米国時間2026年6月16日、Boomiは、Omdia社が実施した新たな調査結果を発表。同調査では、アジア太平洋地域(APAC)においてAI導入が急速に進む一方で、多くの企業が測定可能な投資対効果(ROI)の実現に必要なデータ基盤を整備できていないことが明らかになったという。
今回の調査は、オーストラリア、ニュージーランド、シンガポール、マレーシア、フィリピンのシニアテクノロジーおよびビジネス意思決定者1,100名以上を対象に実施された。
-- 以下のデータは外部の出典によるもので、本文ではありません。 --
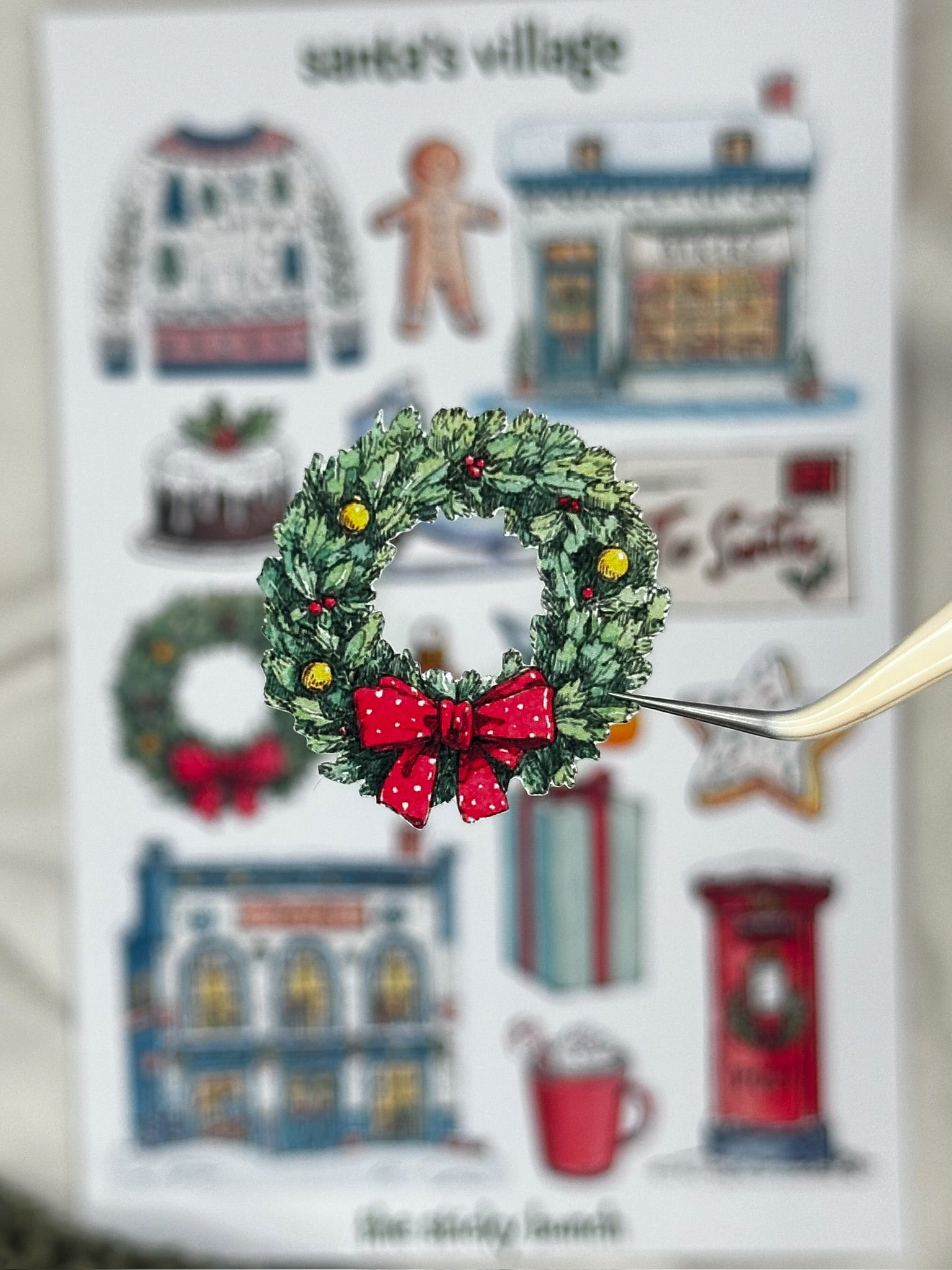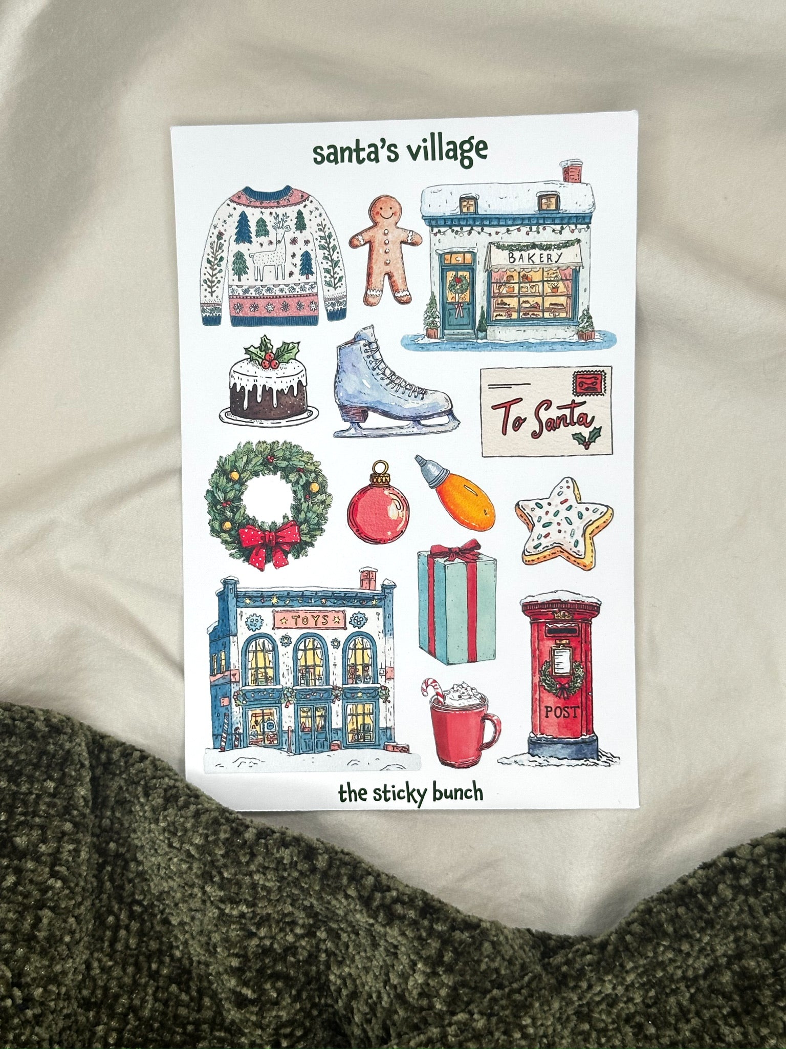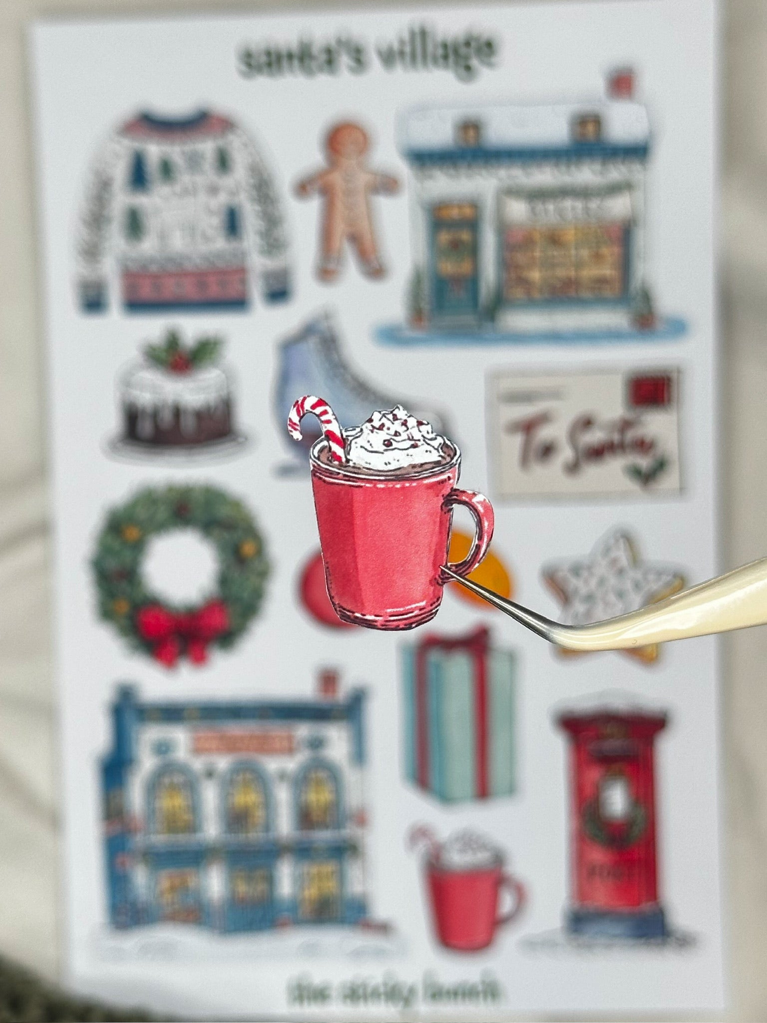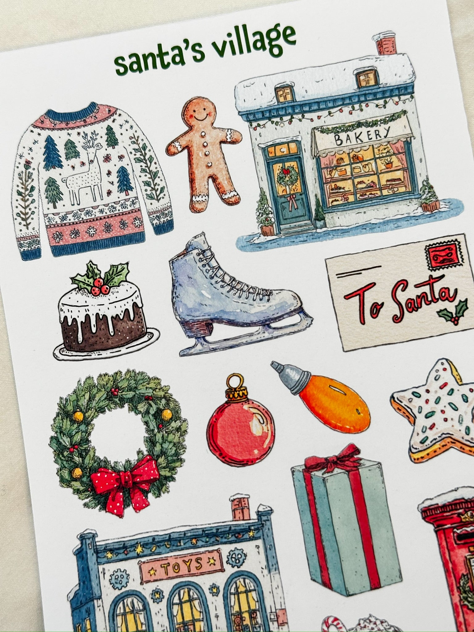 Welcome to Santa’s Village, a cozy watercolor collection inspired by the charm of the North Pole. This sheet features festive scenes like toy shops, bakeries, and sweet holiday treats, capturing the warmth and wonder of Christmastime in every detail.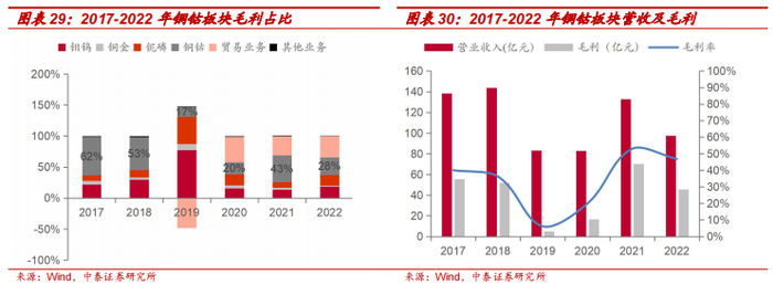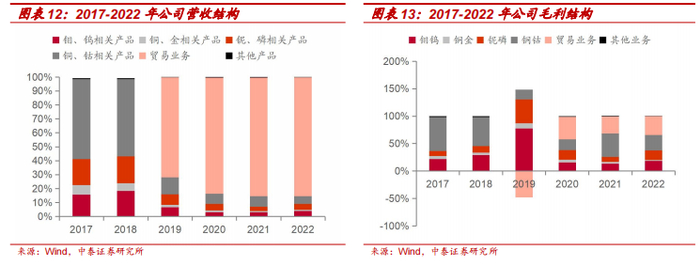 “矿山采掘业务+贸易业务”双轮驱动。近年公司由单一的钨钼板块逐渐发展至铜钴、钨钼、铌磷、铜金及贸易五大板块,业务逐步多元化。从收入占比来看,2022年公司贸易业务占比为85%,矿山采掘及加工业务占比15%。具体来看,2022公司铌磷板块营收约74亿元,同比+44%;钼钨板块营收约70亿元,同比+30%;铜金板块营收约13亿元,同比-22%;铜钴板块实现营收约97亿元,同比-27%;公司矿业贸易板块实现营收约1473亿元,与2021年基本持平。未来伴随刚果金铜钴项目进一步放量,公司营收有望再上一个台阶。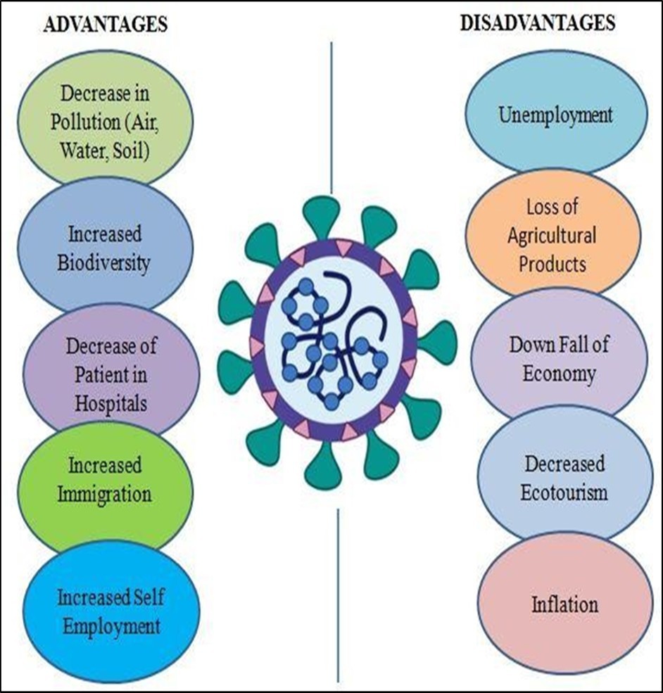 A worldwide lockdown has brought a number of changes in the environment. After few weeks of the lockdown a sudden fall in air and water pollution was observed. More rainy and storm weather was experienced even in the summer in India. According to a study conducted by Stanford University's School of Earth, Energy & Environmental Sciences, increasing deforest ation could contribute to an increase in the risk of diseases like COVID-19.They reported that utilization of forest for agricultural, industrial and urbanization purposes increases the occurrence of zoonotic transmission, or animal-to-human diseases accordingly. COVID-19 is caused by the SARS-CoV-2 virus, which is assumed to have originated in animals. Viruses that pass from animals to humans, like as the one that causes COVID-19, will likely grow more widespread as people continue to convert natural environments into agricultural land and industrial uses, according to a Stanford University analysis. The loss of tropical forests in Uganda increases chances of risk to direct interactions with wild animals and the micro organisms (bacteria, viruses, fungi) they carry (Bloomfield et al. 2020). This review enlights in both detrimental and beneficial consequences of covid-19 on environment health and its future prospects.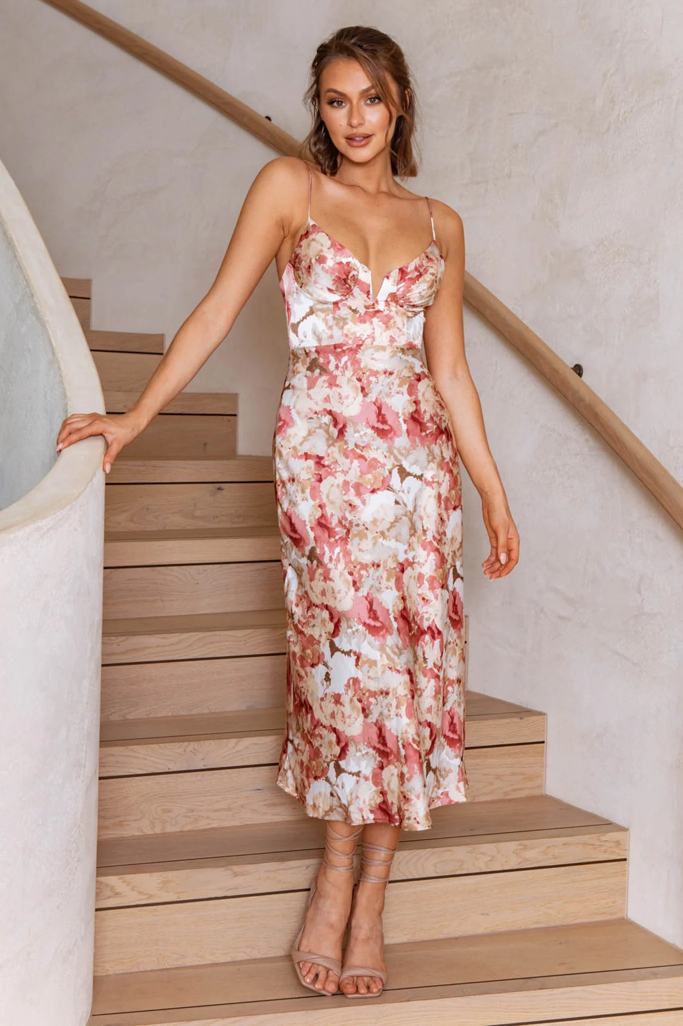 Home Lake Como Fitted Bodice Cami Strap Midi Dress Abstract Print Rose

その結果、74%がすでにAIの活用を積極的に推進しており、約9割が「AIを活用した自動化により、今後2〜3年以内に自社のビジネスプロセスが大きく変わる」と回答しているという。
一方で、プラットフォームを基点とした連携アプローチを取っているのは全体の46%にとどまり、AIへの意欲と実行力の間に広がるギャップが浮き彫りに。さらに、約4分の1がAI施策の成果を効果的に測定できていないと回答しており、ROIを評価する上で重要な課題となっているという。
また、89%が「ツールやテクノロジーの乱立を解消したい」と回答し、92%がデータ、プロセス連携、API管理、の領域全体ですでに統合・集約化を進めていることも明らかになった。
そのほか、APACの企業の94%がデータ連携・アクセス・ガバナンスを最優先課題と位置づけており、93%が「AIの活用によりデータ品質とガバナンスポリシーへの注力が高まる」と回答。しかし、AIに特化した正式なデータガバナンスポリシーを整備していると答えたのは回答者の半数にとどまり、81%が「管理されていないシャドー連携によってデータ品質とデータへの信頼性が損なわれている」と回答した。
今回の調査では、約9割の企業がガバナンスを最重要課題として挙げながらも、正式なポリシーを整備しているのは半数にとどまっている。データ主権(データの保存場所や適用法令に関する要件)も重要な検討事項として浮上しており、76%の企業がデータの所在に関する規制・要件に懸念を示しているとのことだ。ただし、データ連携やAI戦略に重大な影響が出ていると回答したのは24%にとどまり、多くの企業が運用計画をまだ策定している段階にあることがうかがえる。